Opponents of the pipeline project are worried a Donald Trump administration could overturn the US Army Corps of Engineers’ Monday instruction to Energy Transfer Partners (ETP) to study potential alternative routes for the pipeline.

The Dakota Access Pipeline, being built by ETP, is a 1,885km crude oil delivery pipeline running from Bakken, North Dakota to Patoka, Illinois. If completed, it will transport as many as 570,000 barrels of oil per day.

Energy Transfer Partners intended the pipeline to go underneath Lake Oahe less than a kilometre upstream from a Native American reservation.

Protesters, calling themselves “Water Protectors” have opposed the project at Standing Rock, North Dakota, arguing the pipeline infringes on Native American lands and endangers the water supply of the Standing Rock Sioux Tribe.
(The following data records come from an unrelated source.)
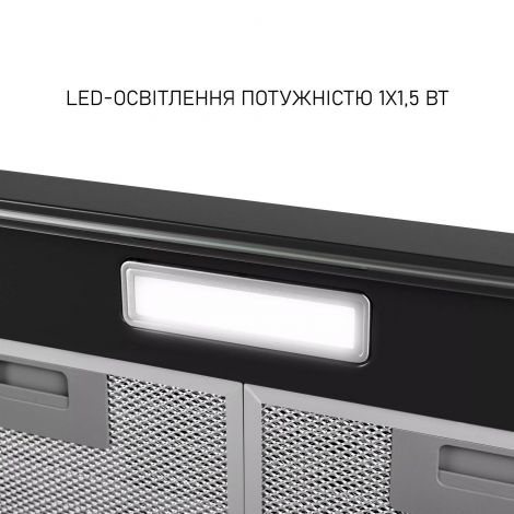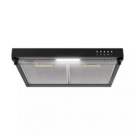 Minola HPL 622 BL — стильна плоска витяжка в чорному кольорі з елегантним скляним козирком. З продуктивністю 450м3/год вона швидко очищує повітря навіть на великих кухнях. LED-підсвітка над плитою економна і комфортна для приготування в темну пору доби. Надійне кнопкове управління дозволяє легко перемикатися між режимами без зайвого клопоту.
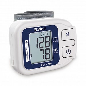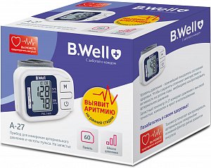 Запястный тонометр B.Well A-27 – классический тонометр с манжетой на запястье. Расширенные функции и большой дисплей заключены в элегантном корпусе. Тонометр измеряет давление с высокой точностью, имеет индикатор аритмии, а также память на 60 измерений с отметкой даты и времени. Специальная шкала уровня давления позволит оценить полученный результат: нормальное артериальное давление, либо гипертония 1, 2 и 3 степени.
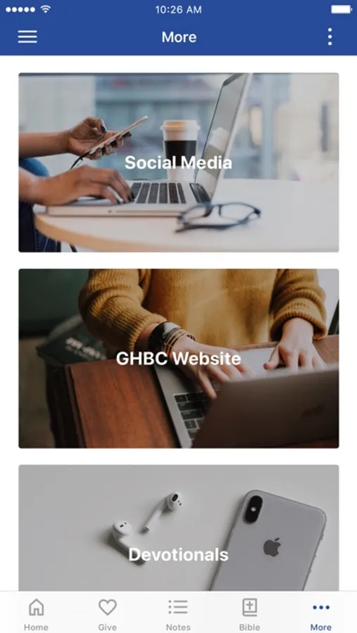 The GHBC app is packed with powerful content and resources to help you grow and stay connected with the church. With this app you will be able to:
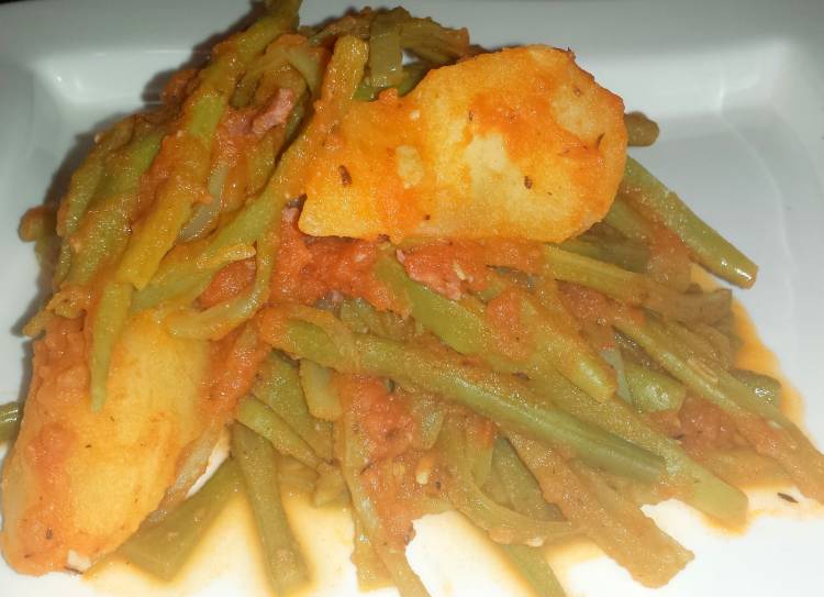 En una olla con agua hirviendo y 10 gr de sal por litro de agua echamos las patatas a cocer 5 minutos, a continuación en la misma olla las judías verdes que al estar en juliana se cocerán antes, no dejaremos cocer mas de 10-15 minutos. Cuando las tengamos escurridas se las incorporaremos a nuestra salsa de tomate y les daremos un hervor a todo el conjunto de unos 2-3 minutos.

The months-long protest drew support from all corners of the United States and American society, including army veterans and celebrities, and the impasse prompted the US Army Corps of Engineers, a US federal agency tasked with civil engineering projects, to temporarily halt the €3.5 billion project.

But on Dec. 1, President-elect Donald Trump met with Republican North Dakota Senator John Hoeven and indicated his support for the pipeline project.

“Today, Mr. Trump expressed his support for the Dakota Access Pipeline, which has met or exceeded all environmental standards set forth by four states and the Army Corps of Engineers,” Hoeven said in a statement. “It is important to know that the new administration will work to help us grow and diversify our energy economy and build the energy infrastructure necessary to move it from where it is produced to where it is needed.”

President-elect Trump has promised to “unleash” the United States’ energy potential leading to speculation he will also overturn a President Obama-era ban on another key pipeline project, the Keystone XL.

But Trump’s intervention in the issue of the Dakota Access Pipeline has revealed potential conflicts of interests.

Trump’s 2016 federal disclosure forms indicate Trump owned as much as €46,000 worth of stocks in Texas-based ETP as well as owning shares of Phillips 66 which has a one-quarter stake in the pipeline project.

Energy Transfer Partners additionally donated more than $100,000 (€93,000) to Trump’s presidential campaign.

Trump’s transition team said on Tuesday the President-elect had sold in June all of his ownership stakes in companies and a Trump spokesman earlier this month said Trump’s support for the pipeline project “has nothing to do with his personal investments and everything to do with promoting policies that benefit all Americans.”

Jason Miller, a Trump spokesperson, said Trump will review the Dakota Access Pipeline project once he is inaugurated.

“With regard to the Dakota Access Pipeline, that’s something that we support construction of and we’ll review the full situation when we’re in the White House and make the appropriate determination at that time,” said Jason Miller, a spokesman for Mr. Trump.

The battle over the route of the Dakota Access Pipeline is far from over.

Energy Transfer Partners has not backed down and in a statement was quick to reiterate the decision by the US Army Corps of Engineers not to grant a key permit does not signal the end of the project.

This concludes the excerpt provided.